I clearly remember when he moved back to Bangalore, I must have been in 2nd or 3rd grade. He was getting his house in Bangalore renovated and stayed with us for a week or so. We used to go go to the empty house everyday to check the progress. The house used to empty, so it echoed. We both used to go into the room and make strange noises, and I used to love the echoes in the room. This has to be one of the most cherished memory from my childhood.

As I began to grow up, he always thought I was one with expansive tastes, he used to always tell me that all my activities were “dodd kudure cheste’, basically not something normal people tried. Some how the equations were never the same, deep down I didnt like the fact that he made those comments, and pretty seriously too.

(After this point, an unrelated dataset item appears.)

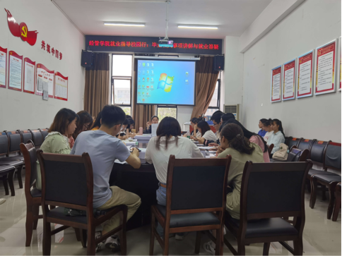 2021年5月12日下午15:00,经济与管理学院在西附楼D102举行了主题为“经管学院就业指导校园行:毕业相关事项讲解与就业答疑”的会议。主持本次会议的是学工办杨理老师,参加本次会议的有17级各班的三大班委。

One thing I admired a lot about him, was his will and the other  principles, he was one of those old time strict people, who didnt like menace, or hardly made any joke or fun, but there were those rare occasions, when he wouldnt stop laughing. I still remember how my granny used to snap and ask him to go to sleep because he generally used to get into that mood late in the night.

Today as I jogged my heart out on the treadmill, the picture of this bespectacled man, who wore a vest with a cross pocket on front of chest, and a pant which was almost half way up his chest, kept popping up in my head.

Its been long since this has happened, I dont know what is the reason behind this out of the blue memories.  Even though I was not sad, nor the memories were sad ones, it would be really nice if I could have dinner with him once again, his favorite bisi bele bath and some chatter would be really good.